Environmental awareness has spread all over the population.  Countries especially those that belong to the first world (which has contributed more to the green house problem due to their technological advancement) have been consciously doing what they can to address pollution.  The people in Volvo Cars have invested SEK10billion ($2billion) in environmental research and development over a five-year period.  This research is aimed at reducing the fuel consumption and environmental emissions of Volvo cars.

Two years ago, Volvo Cars teamed up with the Ford Motor Company and established the European Hybrid Technologies in Göteborg.  The centre is staffed by engineers from Volvo Cars and other companies in the Ford Motor Company.  With the two companies combined in their devotion to the development of hybrid technologies, it is likely that they get to come up with something out of the box.

Sometime late in 2006, the Volvo Car Corporation has decided to concentrate on developing three emerging fuel technologies: bio-ethanol, diesel engines with particulate filters and other options, such as hybrid technology. 
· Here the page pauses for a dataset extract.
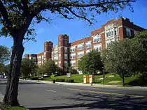Школы в США представляют собой несколько, часто соединенных вместе, одно- или двухэтажных корпусов. Рядом находятся парковки, спортивные стадионы и площадки. Даже если студенты в школе не проживают, школа представляет собой в большинстве случаев замкнутый кампус. В классах стоят одноместные парты. За каждым учеником закреплен также индивидуальный шкафчик, запирающийся на замок, для личных вещей школьника. В коридорах стоят автоматы с едой и питьём. Школьная форма распространена лишь в частных, религиозных школах и интернатах. Каждая школа имеет свой талисман, который рисуется на спортивной форме и форме девушек из группы поддержки[4].

In the year before that, Volvo Car launched bio-ethanol-powered Volvo FlexiFuel cars in Sweden.  These cars have the capacity to deliver up to 80 percent less emissions of fossil CO2.  As a matter of fact, the Volvo S40, V50 and C30 models can be powered by bio-ethanol E85.  Since 2006, these models have been available in FlexiFuel versions in nine European markets.  The all-new Volvo V70 with oxygen sensors designed to be environment-friendly is rumored to be available in a FlexiFuel version later in 2007 in Europe.

All new vehicles, and most cars fashioned after 1980, have an oxygen sensor. This sensor is integrated at the emission system and sends information to the engine management computer. The primary function of the sensor is to aid the engine to run as smoothly as possible with the least amount of combustion by products and emission.

Engine burns fuels with the use of oxygen and there is a correct amount of air to fuel mixture depending on the amount of hydrogen and carbon in that fuel. If there is less air than needed in the correct ratio, the resulting mixture is considered rich – with left over fuel after combustion. Rich mixtures tend to create pollution because of the by-products. If there is more air than the intended ratio, the resulting mixture is considered lean since there is a surplus in oxygen. A lean mixture produces nitrogen oxide by-products and can be detrimental to the car’s engine and catalytic converters.

The oxygen sensor is located in the exhaust pipe to detect rich or lean mixtures. These components work by a chemical reaction that produces voltages. The Electronic Control Unit then interprets the signal voltages and adjusts the fuel to air ratio in the engine to the correct proportion. When the oxygen sensor fails either because of natural aging or pollutants that damage the sensor there would be an erroneous reading, poor car performance and increased fuel consumption.

A new gas analyzer that would measure the small concentrations of oxygen that are present in fuels has been developed by Siemens Automation and Drives (A&D). The company calls it the Oxymat v64. This is an oxygen sensor and it quantifies down to the levels of 0 to 10 parts per million. Thus this oxygen sensor is suitable to be used for technical gas production, welding applications, air separation plants, food and beverage industry, hardening shops, and chemical industry. The new 19-inch gas analyzer continues the series of Oxymat 6 which has been used foe ten years now with measuring qualities of up to 50 parts per million.

This new oxygen sensor makes use of the same display unit and operator interface like the other devices of the series. Besides those, it also employs the same mechanical components and electronic modules. The analyzer’s core is also available commercially which is the tubular ZrO2 or zirconium dioxide sensor that’s already field-proven for a lot of years. The sensor is warmed up to 650 degree Celcius and the sample gases flow through them in a steady flow rate, while the sensor’s exterior is exposed to the ambient air. The concentration difference on both sides results in a possible inconsistency that is a gauge of the concentration of oxygen in the sample gas. There is an option between a catalytical inactive ZrO2 sensor and a catalytical active ZrO2 sensor and it depends on the application. These active and inactive ZrO2 sensors are both characterized by a high level of linearity but their difference lies in the electrode materials which react differently to the accompanying combustible components.